One need not interpret this as a real change in China's position on the Korean peninsula; it is more a sign of a preference for reality over symbolism. The DPRK is an old ally of China, whereas diplomatic relations with the South dates only back to 1992. However, everyone knows that during the last twenty years the substantive economic and political relations with Seoul have far outstripped those with Pyongyang. The China/ROK bilateral trading relationship is one of the world's largest, with trade between them reaching US$274 billion last year. In comparison, Chinese trade with the DPRK is still less than US$7 billion.
Also there is one political issue on which China and the Republic of Korea stand absolutely shoulder to shoulder: the denuclearization of the peninsula. True, the two leaders expressed this in different ways; when the joint communiqué between the two presidents was announced, the Chinese version referred to "denuclearisation of the peninsula" whereas President Park Geun-hye spoke of "denuclearisation of North Korea." But everybody knows that there is no immediate danger of nuclear weapons being deployed in South Korea; these would have to be provided by the United States, and the United States would never be so stupidly provocative.
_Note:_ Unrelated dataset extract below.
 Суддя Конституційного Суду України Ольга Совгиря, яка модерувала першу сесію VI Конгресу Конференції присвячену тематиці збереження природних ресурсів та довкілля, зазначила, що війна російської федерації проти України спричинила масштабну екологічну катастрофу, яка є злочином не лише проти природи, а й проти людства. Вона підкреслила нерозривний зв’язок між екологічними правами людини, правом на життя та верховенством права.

How has the DPRK reacted to the impending visit of the Chinese President to Seoul? China is still endorsing the North Korean position supporting the restart of the six-party talks on the North's denuclearisation, but the DPRK has shown no sign of slowing down the nuclear weapons development program. This has surely shown the Chinese side that support for the six-party talks is a symbolic position rather than a realistic one. Pyongyang carried out its third underground atomic test in February 2013. And on June 29 North Korea announced a test-launch of two short-range Scud missiles, which formed part of an established series of missile firings. On July 2 two short-range rockets were fired from North Korea's east coast.
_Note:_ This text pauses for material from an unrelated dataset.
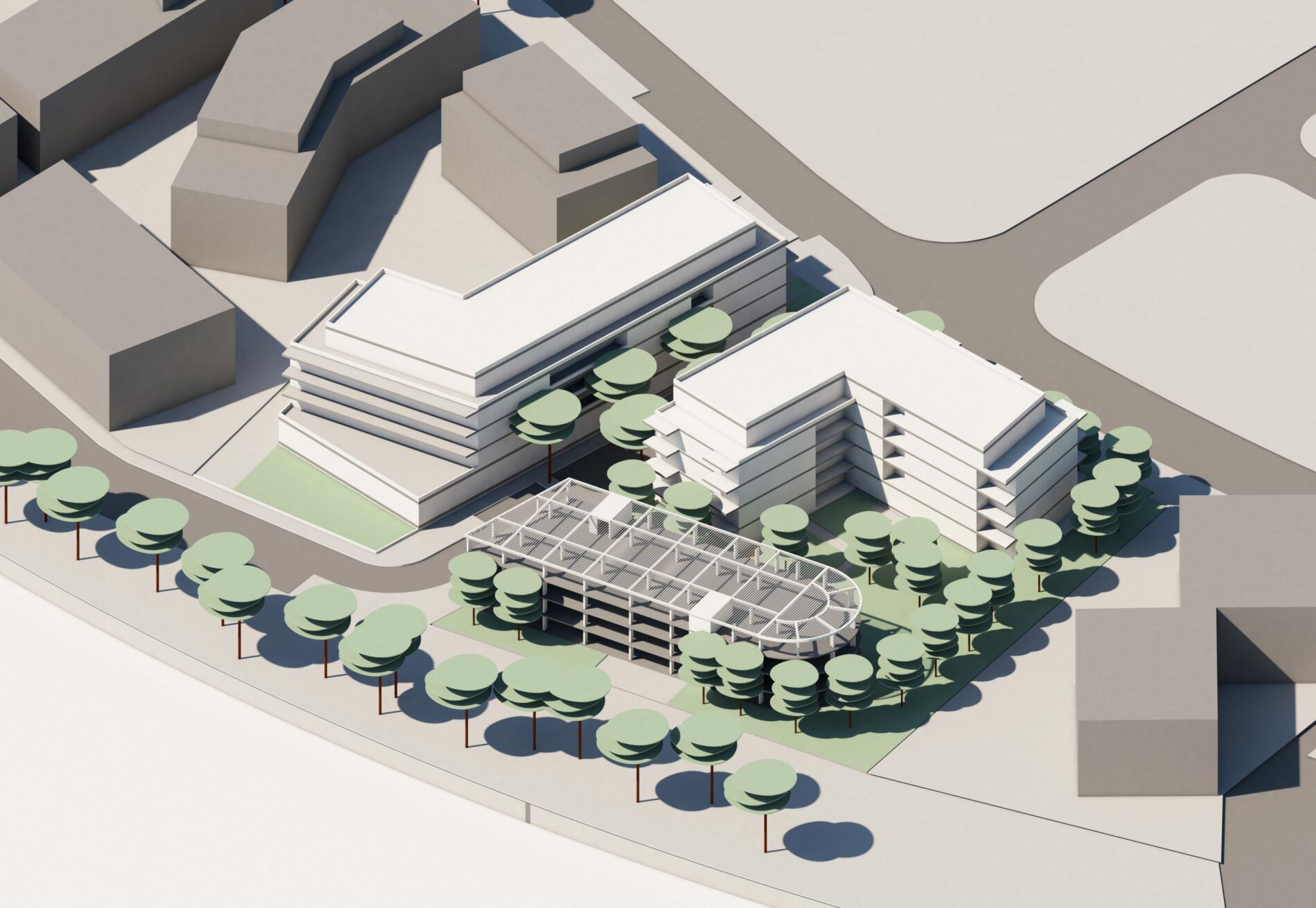 Le stationnement est géré sous le bâtiment de l’îlot nord tandis qu’un parking silo, en limite ouest de l’îlot sud accueille les places de stationnement de ce bâtiment faisant écran aux nuisances de l’autoroute A51.

But no-one is really in a position to exercise a decisive influence on North Korea's nuclear development. And the major Chinese concern in these talks was not North or South Korea. The Chinese interest is in neutralising the U.S.-Japan axis, and it has become clear that South Korea, though a U.S. ally, cannot be too happy about the current U.S. position of fervent support for Japan, including the absence of any U.S. opposition to Premier Abe's reinterpretation of the post-war pacifist constitution. The United States will have to manage its network of allies in East Asia very carefully; any sign of excessive closeness to Japan risks alienating more than one country on which the United States will need to rely in any strategy for counterbalancing Chinese influence. Here South Korea presents a real opportunity for China to take advantage of any disappointment felt by a U.S. ally.